[GIVEN MATERIAL]
------------------------------------------------

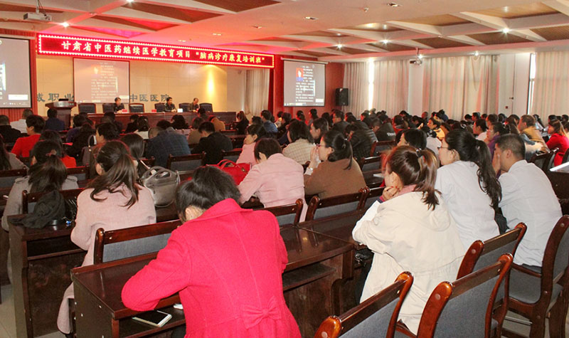 為提高醫(yī)務(wù)人員對(duì)于腦病(腦卒中)的診療和康復(fù)訓(xùn)練水平,推進(jìn)醫(yī)院腦卒中中心的籌備建設(shè),學(xué)院附屬醫(yī)院于11月11日上午,在內(nèi)科七樓會(huì)議室舉辦甘肅省中醫(yī)藥繼續(xù)醫(yī)學(xué)教育項(xiàng)目:腦病診療康復(fù)培訓(xùn)班。醫(yī)院副院長宗武山主持培訓(xùn)班開班儀式,副院長毛照海致辭歡迎蘭大二院2位神經(jīng)內(nèi)科專家講學(xué)指導(dǎo)工作。醫(yī)院各科室二百余名醫(yī)療骨干參加腦病診療康復(fù)培訓(xùn)班,聆聽學(xué)術(shù)報(bào)告。
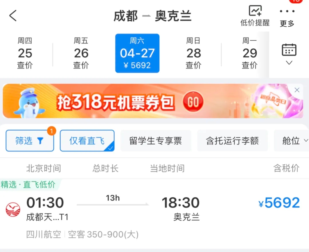 但是由于这个航班主要是旅游路线乘客,新西兰春节旺季一过,航班上座率便下降了,南航便取消了近期的航班。不过不用担心,目前已经能够查询到10.28起,该航线就复飞了,并且每周同样有3-5天有该航线。
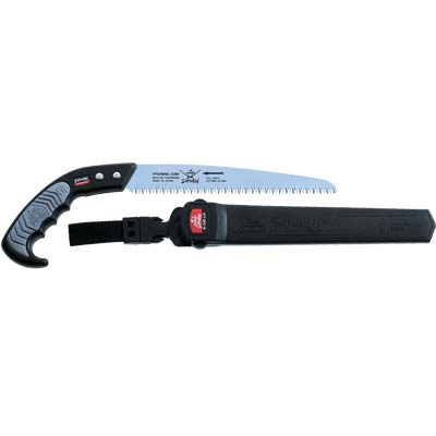 Lama in acciaio cromato, rettificata concava per limitare l'attrito. Denti passo Mm. 4, con triplice affilatura e temprati ad impulsi. Manico a pistola ergonomico. Completo di fondina. Ideale per il taglio sotto sotto l'altezza della spalla.

------------------------------------------------

Restate the whole listing word for word. Omit the pictures.

 為提高醫(yī)務(wù)人員對(duì)于腦病(腦卒中)的診療和康復(fù)訓(xùn)練水平,推進(jìn)醫(yī)院腦卒中中心的籌備建設(shè),學(xué)院附屬醫(yī)院于11月11日上午,在內(nèi)科七樓會(huì)議室舉辦甘肅省中醫(yī)藥繼續(xù)醫(yī)學(xué)教育項(xiàng)目:腦病診療康復(fù)培訓(xùn)班。醫(yī)院副院長宗武山主持培訓(xùn)班開班儀式,副院長毛照海致辭歡迎蘭大二院2位神經(jīng)內(nèi)科專家講學(xué)指導(dǎo)工作。醫(yī)院各科室二百余名醫(yī)療骨干參加腦病診療康復(fù)培訓(xùn)班,聆聽學(xué)術(shù)報(bào)告。
 但是由于这个航班主要是旅游路线乘客,新西兰春节旺季一过,航班上座率便下降了,南航便取消了近期的航班。不过不用担心,目前已经能够查询到10.28起,该航线就复飞了,并且每周同样有3-5天有该航线。
 Lama in acciaio cromato, rettificata concava per limitare l'attrito. Denti passo Mm. 4, con triplice affilatura e temprati ad impulsi. Manico a pistola ergonomico. Completo di fondina. Ideale per il taglio sotto sotto l'altezza della spalla.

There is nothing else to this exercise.